Саттри откинулся на шконке. Что ж за сукин сын станет в кого-то стрелять за то, что покрал несколько арбузов? сказал он.

Не знаю. Он в больничку приходил, мороженого мне принес. Я на него не слишком в обиде. Он сам сказал, что лучше б этого не делал.

Однако это не помешало ему предъявить обвинения, а?

Ну, наверно, раз увидел, что меня все-таки подстрелил, он уже не мог на попятную пойти.

С этим замечанием Саттри опять посмотрел на паренька, но лицо у того было мягким и без коварства. Он хотел знать, во сколько ужин.

В пять часов. Должен начаться через несколько минут.

Кормят хорошо?

У тебя будет время привыкнуть. Что тебе вообще впаяли?

Одиннадцать двадцать девять[3].

Старые добрые одиннадцать двадцать девять.

Ух, как же хорошо в той больничке кормили. Лучше вы и не едали.

А ты не мог оттуда сбежать?

У меня одежи ни разу не было. Я про это думал, но на мне ни лоскута, да и взять неоткуда. Я уж лучше в работный дом пойду, чем попадусь в такой чокнутой ночнушке, какие там заставляют носить. А сами-то?

Нет.

Ну. Так то вы.

То я.

Хэррогейт взглянул на него сверху, но глаза у Саттри были закрыты. Он опять перевернулся и уставился в потолок. Там кто-то написал несколько сентенций, но те затерялись в резком свете лампочек. Чуть погодя он услышал, как где-то лязгает колокол. К двери подошел охранник и открыл ее, и когда Хэррогейт сел, увидел, что сидельцы готовятся на выход, соскочил со шконки и отправился вместе с ними.

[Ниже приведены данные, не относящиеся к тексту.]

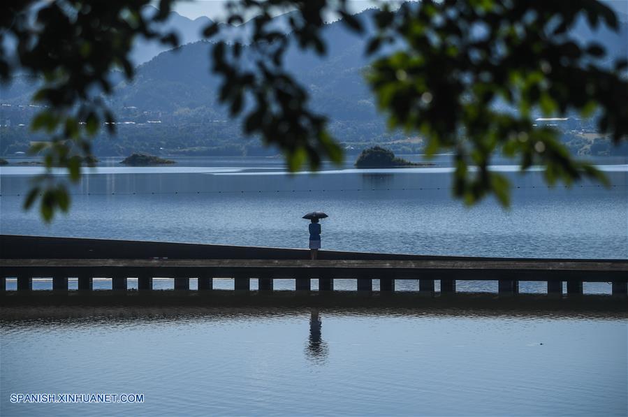 Una turista observa el paisaje del lago Qiandao en la plaza Perla, en el condado de Chun'an, provincia de Zhejiang, en el este de China, el 18 de julio de 2018. La zona de desarrollo económico de Chun'an se localiza en la orilla del lago Qiandao, un parque forestal nacional y destino turístico de nivel 5A de China. En los últimos 25 a?os, el gobierno local ha impulsado el turismo ecológico y la protección del medio ambiente en la zona, que se centran en la gestión fluvial, la protección de las fuentes de agua potable y el dise?o del paisaje. (Xinhua/Xu Yu)

Строем они спустились по бетонной лестнице, и свернули в дверь, и потянулись через столовую, где по всей длине комнаты стояли столы для пикников. Сколочены они были из дубовых половиц, и к ним привинтили лавки. В конце столовки сидельцы свернули в кухню, где каждому выдали по оловянной тарелке и большой ложке. Один за другим прошли они мимо мармита, где кухонный служка, тоже в полосатом, черпаком распределял дымящуюся фасоль пинто, капусту, картошку, горячие круги кукурузного хлеба. Большим пальцем Хэррогейт придерживал тарелку сверху, и на него улыбчивый черный навалил ему горячей капусты. Он сказал: Аййй. Сменил руку и сунул большой палец в рот. Подошел охранник, глянул сверху вниз. Это ты орал? спросил он.

Так точно, сэр.

Еще раз вякнешь – останешься без ужина.

Так точно, сэр.

У сидельцев поблизости лица морщились, с виду от боли, глаза прижмурены от сдерживаемой радости. Хэррогейт прошел с ними в столовку вроде той, через которую они сюда попали. Лавки и столы заполнялись сидельцами. Он отыскал Саттри и сел с ним рядом, и навалился на ложку. По всему залу отдавались громкие лязг и скрежет, и не произносилось ни слова. Стол напротив них занимали черные сидельцы, и Хэррогейт пристально разглядывал их исподлобья, склонивши голову над тарелкой, а ложка, которую держал, как совок, деревянно опускалась и подымалась.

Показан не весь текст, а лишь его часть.